I should also mention that computing log2(CPM+1) is, in my opinion, a Bad Idea. Consider an example where I get a CPM of 0.1 in library A and a CPM of 0.2 in library B. This is clearly a 2-fold change between libraries, but after computing the log-CPMs with the above naive formula, I would get values of 0.13 and 0.26 in A and B respectively. Clearly, this result is wrong - on the log-scale, I should see a difference of 1 log unit between these two libraries.

"Well, that's fine," you might say, "because a CPM of 0.1 is pretty low, and the +1 will shrink it towards zero prior to log-transformation, thus stabilizing any log-fold changes between libraries in the presence of limited information." But is a CPM of 0.1 really that low? If my libraries contained 100 million reads, a CPM of 0.1 and 0.2 would correspond to counts of 10 and 20, respectively. That's more than enough information to tell me that I have a 2-fold change between A and B. Indeed, cpm() will respect this and report log-CPMs that do, in fact, differ by ~1 log unit:

cpm(cbind(10, 20), lib.size=rep(100e6, 2), prior.count=1, log=TRUE)
##           [,1]      [,2]
## [1,] -3.184425 -2.251539

In short, it makes more sense to apply the prior count on the scale of, well, the counts, rather than the CPMs.

actually log-CPM adds an offset of 1/L where 1 is the “prior count” and L is the average library size in millions.
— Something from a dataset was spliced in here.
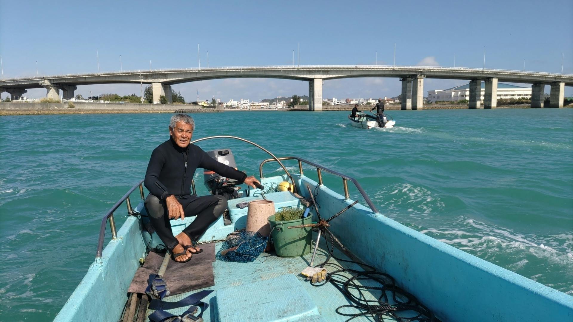 海中もまだ暖かいですが、風の影響で冷えるので、素潜り海人は海ではウエットスーツ着用し始めました!
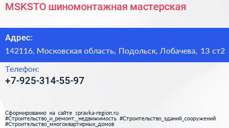 MSKSTO, шиномонтажная мастерская по адресу 142116, Московская область, Подольск, Лобачева, 13 ст2 в дальнейшем Организация, размещена в следующих категориях:

So the log-CPM values are related to the CPM values by log2(CPM + 1/L). L <- mean(x$samples$lib.size) * 1e-6

Close, but not quite. You cannot derive the edgeR log-CPMs from the naively computed CPM, because the library size is increased by twice the scaled prior count (see ?addPriorCount for more details).

I had the same question, and I didn't find the the math definition of cpm function in edgeR. According to the details of the function, "If log-values are computed, then a small count, given by prior.count but scaled to be proportional to the library size, is added to y to avoid taking the log of zero." So I tried many possibilities and finally got something maybe right. The codes and detail are showed below.

I used TMM for normalization, while you can ignore that and keep normalization factors (x$samples$norm.factors) = 1. I keep that for answering the problem a little more generally.

> x = calcNormFactors(x, method='TMM') # Just skip this line if don't need to normalization by TMM

Calculate the cpm with two different parameters.

> prior.count = 1
> cpm_with_log2 = cpm(x, log=T, prior.count=prior.count)
> cpm_without_log2 = cpm(x, log=F)

Calculate the normalized library sizes.

> nlib = x$samples$lib.size * x$samples$norm.factors

So the cpm_without_log2 is same as

> cpm_without_log2_by_hand = t( t(x$counts) / nlib * 1e6 )
> cpm_without_log2[1:5, 1:5]; cpm_without_log2_by_hand[1:5, 1:5] # Take a look and compare

And I found that the cpm_with_log2 can be calculated from

> prior.count.scaled = prior.count * length(nlib) * nlib / sum(nlib)
> cpm_with_log2_by_hand = t(log2( (t(tempData$counts)+prior.count.scaled) / (nlib +  2*prior.count.scaled) * 1e+06 ))
> cpm_with_log2[1:5, 1:5]; cpm_with_log2_by_hand[1:5, 1:5] # Take a look and compare

By observing the different between cpm_without_log2_by_hand and cpm_with_log2_by_hand, we can transfer cpm_without_log2 to cpm_with_log2 by

> cpm_with_log2_two_step = t(log2( (t(cpm_without_log2/1e6) * nlib + prior.count.scaled) / (nlib+2*prior.count.scaled) *1e6 ))
> cpm_with_log2[1:5, 1:5]; cpm_with_log2_two_step [1:5, 1:5] # Take a look and compare

Notice that if you compare these two matrix with

> all( cpm_with_log2_two_step == cpm_with_log2 )

It must get FALSE. While I consider it as round-off error, because of the little bias:

> sum( abs(cpm_with_log2_two_step - cpm_with_log2 ))


While the calculation above is just my guess, so maybe it's wrong.

Perhaps the documentation for addPriorCount may be informative regarding the prior count addition strategy.